TITLE 3: TAXATION
CHAPTER 2: GROSS
RECEIPTS TAXES
PART 10: IMPOSITION AND RATE OF TAX - DENOMINATION AS “COMPENSATING TAX”
3.2.10.1 ISSUING AGENCY: Taxation and Revenue Department, Joseph M. Montoya Building, 1100 South St. Francis Drive, P.O. Box 630, Santa Fe NM 87504-0630
[11/15/1996, 3.2.10.1 NMAC - Rn, 3 NMAC 2.7.1, 4/30/2001]
3.2.10.2 SCOPE: This part applies to all persons using property in New Mexico.
[11/15/1996, 3.2.10.2 NMAC - Rn, 3 NMAC 2.7.2, 4/30/2001]
3.2.10.3 STATUTORY AUTHORITY: Section 9-11-6.2 NMSA 1978.
[11/15/1996, 3.2.10.3 NMAC - Rn, 3 NMAC 2.7.3, 4/30/2001]
3.2.10.4 DURATION: Permanent.
[11/15/1996, 3.2.10.4 NMAC - Rn, 3 NMAC 2.7.4, 4/30/2001]
3.2.10.5 EFFECTIVE DATE: 11/15/1996, unless a later date is cited at the end of a section, in which case the later date is the effective date.
[11/15/1996, 3.2.10.5 NMAC - Rn & A, 3 NMAC 2.7.5, 4/30/2001]
3.2.10.6 OBJECTIVE: The objective of this part is to interpret, exemplify, implement and enforce the provisions of the Gross Receipts and Compensating Tax Act.

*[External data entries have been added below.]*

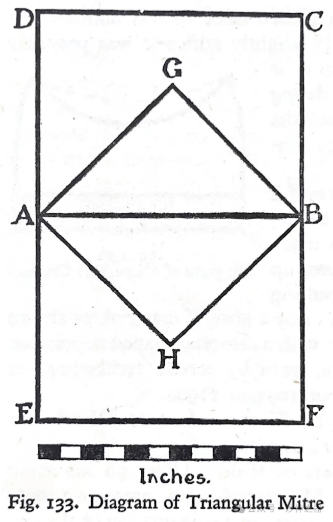 13世纪初不久,牧冠演变成如图134所示的我们熟悉的形状。它是由一块形状为矩形的材料形成的,大约12×18.5英寸(不允许接缝),图133,在AB处对折。两个接缝在EAD和FBC缝在一起。它再次被折叠成一个菱形,由AGBH四点组成。完整的牧冠戴在头上,前后都有缝线。在这些缝线上,用一圈金刺绣带(通常镶有珠宝)遮住缝线。另一根同样材料的装饰带环绕着头部,两端垂在后面大约18英寸,这条横条饰带(fillet)通常没有明显珠宝装饰,只是在末端有一个饰边。尾端有一对垂带,这就是INFULAE,有时被称为FANONS。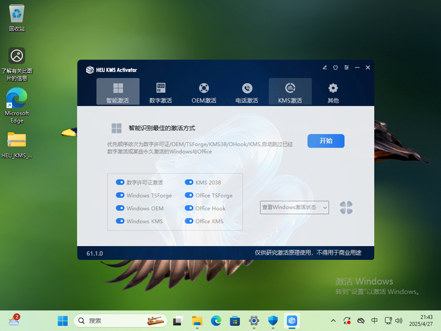 当进度条到100%的时候,而且跳出来,许可证状态:数字许可证激活成功时,这时你的系统就激活成功了。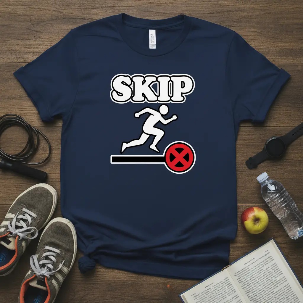 This unique t-shirt features a bold, eye-catching design that’s guaranteed to turn heads. The prominent word “SKIP” is emblazoned at the top, immediately setting a playful and humorous tone. Beneath it, a stylized figure is shown in action, running past a clear “X” symbol, visually representing the concept of skipping out on something. It’s a clever and witty way to express a common feeling among fitness enthusiasts, making it a perfect addition to any casual wardrobe.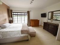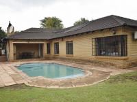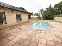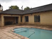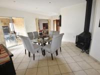 The spacious lounge and dining room flow effortlessly to a covered patio with a built-in braai overlooking a beautifully maintained garden and swimming pool—perfect for relaxed outdoor living and entertaining guests.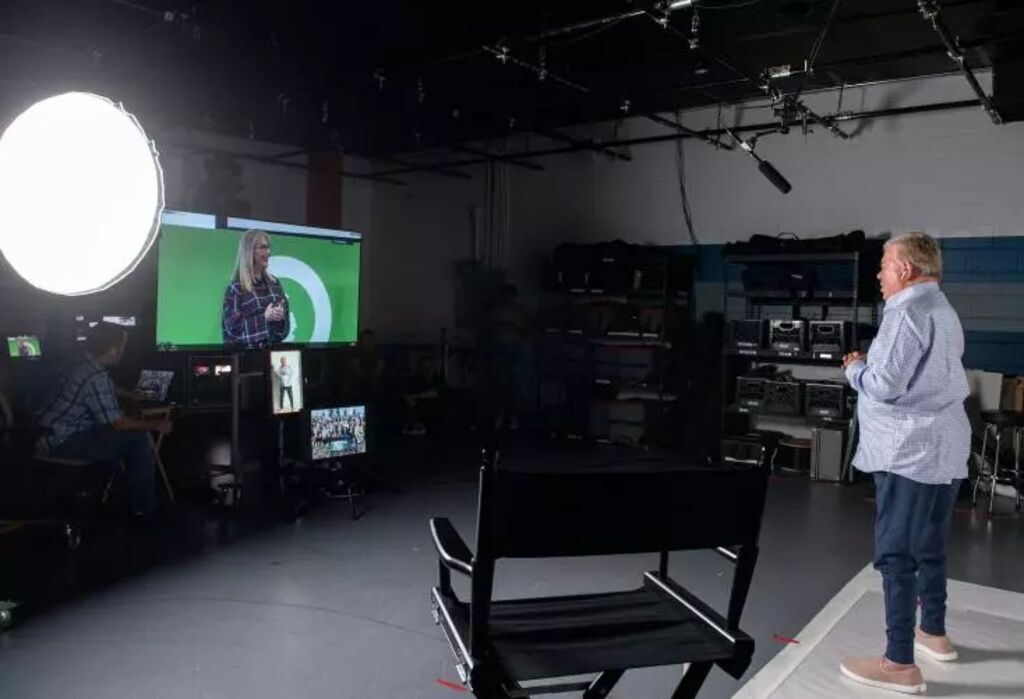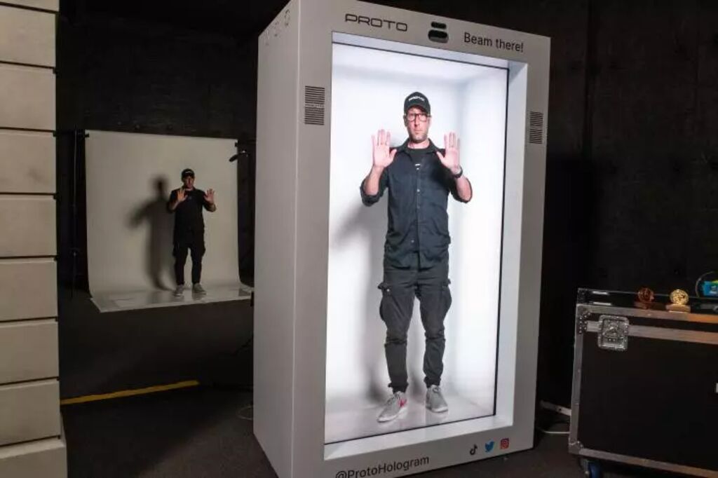 | Le patron de Proto, David Nussbaum, s'enregistre pour apparaître sous forme d'hologramme dans une boîte conçue par son entreprise, le 1er août à Van Nuys, en Californie. |

[11/15/1996, 3.2.10.6 NMAC - Rn, 3 NMAC 2.7.6, 4/30/2001]
3.2.10.7 DEFINITIONS: [RESERVED]
[11/15/1996, 3.2.10.7 NMAC - Rn, 3 NMAC 2.7.7, 4/30/2001]
3.2.10.8 TANGIBLE PERSONAL PROPERTY ACQUIRED OUTSIDE NEW MEXICO FOR USE IN NEW MEXICO:
A. Tangible personal property acquired inside or outside New Mexico as a result of a transaction with a person located outside New Mexico which would have been subject to the gross receipts tax had the tangible personal property been acquired from a person with nexus with New Mexico is subject to the compensating tax if that tangible personal property is subsequently used in New Mexico. For compensating tax purposes, a transaction would have been “subject to the gross receipts tax” when the transaction would have been within New Mexico’s taxing jurisdiction, the receipts from the transaction would have been defined as gross receipts, the receipts would not have been deductible or exempt and taxation by New Mexico would not be pre-empted by federal law.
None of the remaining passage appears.